==== INFORMATION SHOWN ====
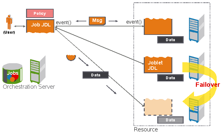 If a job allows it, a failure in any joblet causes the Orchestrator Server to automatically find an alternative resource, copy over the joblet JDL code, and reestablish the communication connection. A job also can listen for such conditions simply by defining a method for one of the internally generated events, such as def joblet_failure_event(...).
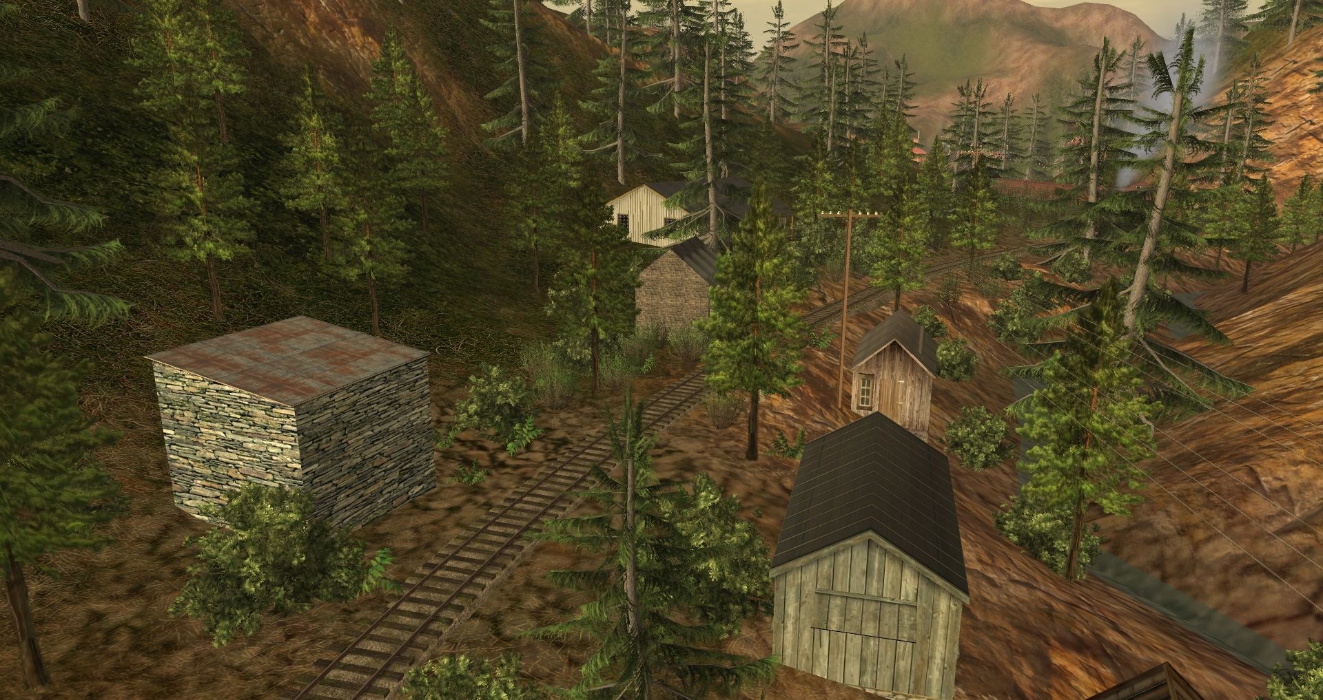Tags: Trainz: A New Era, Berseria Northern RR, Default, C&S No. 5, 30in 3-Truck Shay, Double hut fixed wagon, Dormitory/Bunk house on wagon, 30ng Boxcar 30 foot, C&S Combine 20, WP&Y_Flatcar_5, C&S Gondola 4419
====
==== INFORMATION SHOWN ====
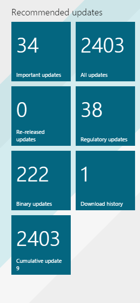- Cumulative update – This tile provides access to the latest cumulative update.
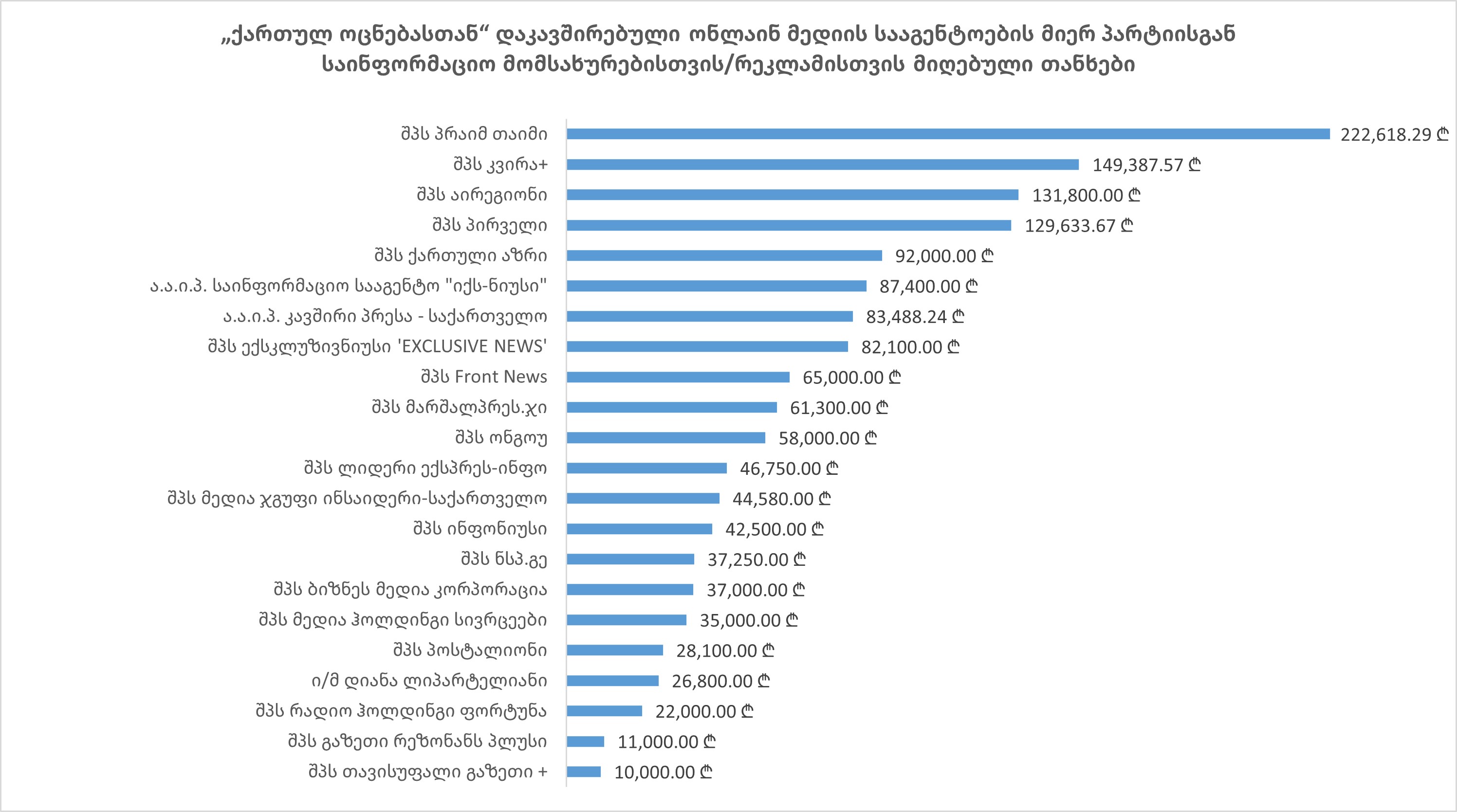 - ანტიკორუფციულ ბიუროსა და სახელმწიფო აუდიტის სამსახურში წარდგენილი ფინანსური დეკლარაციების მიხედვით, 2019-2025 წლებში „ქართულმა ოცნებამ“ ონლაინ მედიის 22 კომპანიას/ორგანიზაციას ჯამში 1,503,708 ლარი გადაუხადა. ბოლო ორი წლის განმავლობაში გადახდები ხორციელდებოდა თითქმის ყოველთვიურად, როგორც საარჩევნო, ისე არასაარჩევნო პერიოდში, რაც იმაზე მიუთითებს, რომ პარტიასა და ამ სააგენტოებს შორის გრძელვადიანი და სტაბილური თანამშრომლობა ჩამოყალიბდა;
====
==== INFORMATION SHOWN ====
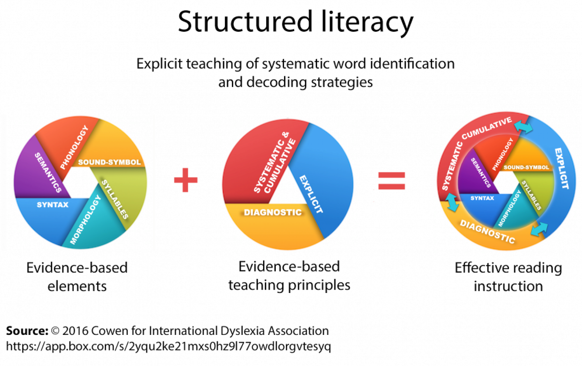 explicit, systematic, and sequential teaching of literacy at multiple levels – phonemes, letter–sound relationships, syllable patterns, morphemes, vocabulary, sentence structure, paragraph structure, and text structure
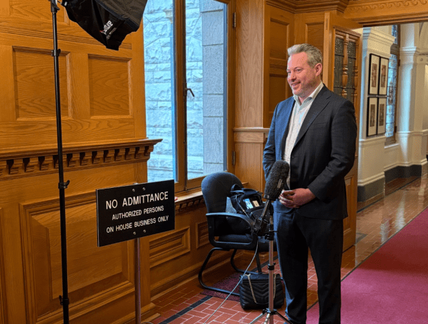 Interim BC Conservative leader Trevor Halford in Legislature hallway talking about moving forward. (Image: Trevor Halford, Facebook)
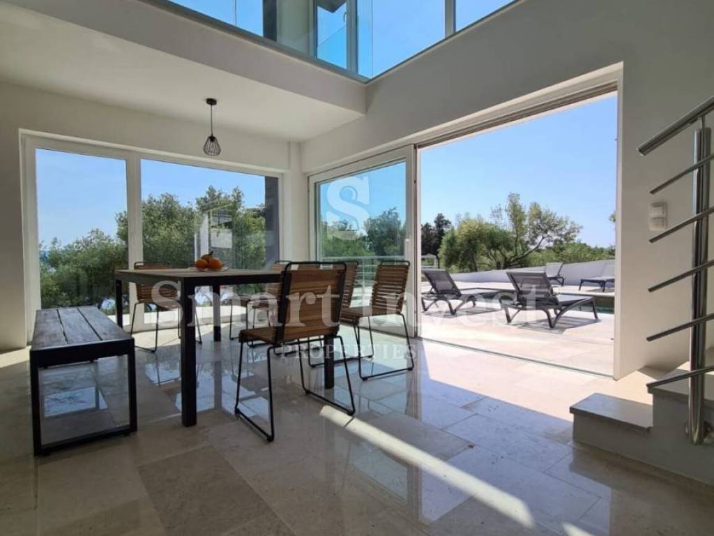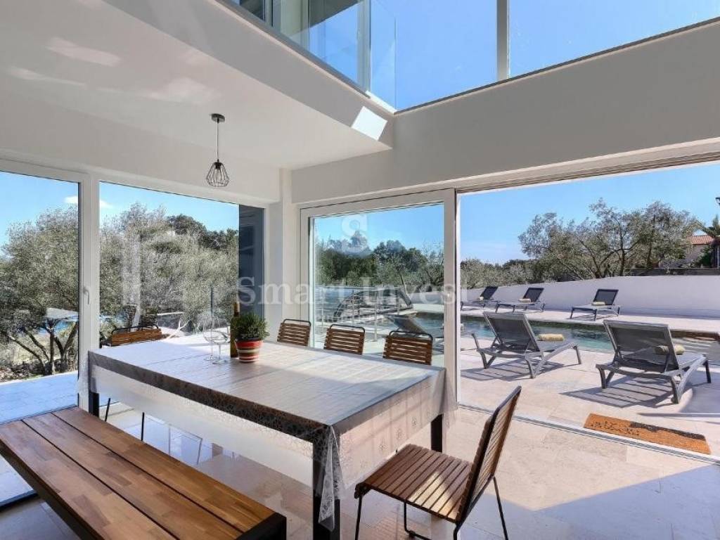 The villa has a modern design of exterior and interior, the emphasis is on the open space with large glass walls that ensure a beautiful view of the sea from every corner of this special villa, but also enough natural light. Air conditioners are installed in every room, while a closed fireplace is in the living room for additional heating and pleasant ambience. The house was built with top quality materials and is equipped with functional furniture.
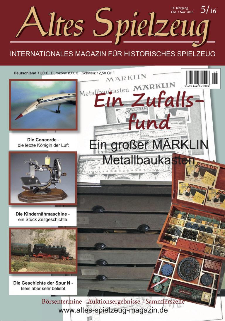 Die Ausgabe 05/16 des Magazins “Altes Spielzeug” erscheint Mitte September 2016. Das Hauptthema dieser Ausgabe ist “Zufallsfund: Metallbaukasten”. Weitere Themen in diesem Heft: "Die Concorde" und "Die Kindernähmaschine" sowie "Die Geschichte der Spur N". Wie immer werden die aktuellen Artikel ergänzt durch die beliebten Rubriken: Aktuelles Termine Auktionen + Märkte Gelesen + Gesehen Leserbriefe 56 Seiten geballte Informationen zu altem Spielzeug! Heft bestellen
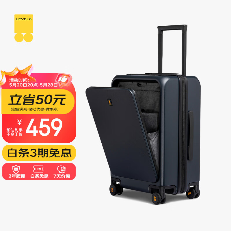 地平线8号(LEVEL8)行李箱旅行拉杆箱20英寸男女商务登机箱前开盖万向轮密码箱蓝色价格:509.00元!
====
- **EXERCISE GOAL**
Above is the material; set down exactly its lines from the one containing "If a job allows" down to the one containing "Tags: Trainz: A", both included, leaving out any pictures.

- **OUTPUT**
 If a job allows it, a failure in any joblet causes the Orchestrator Server to automatically find an alternative resource, copy over the joblet JDL code, and reestablish the communication connection. A job also can listen for such conditions simply by defining a method for one of the internally generated events, such as def joblet_failure_event(...).
Tags: Trainz: A New Era, Berseria Northern RR, Default, C&S No. 5, 30in 3-Truck Shay, Double hut fixed wagon, Dormitory/Bunk house on wagon, 30ng Boxcar 30 foot, C&S Combine 20, WP&Y_Flatcar_5, C&S Gondola 4419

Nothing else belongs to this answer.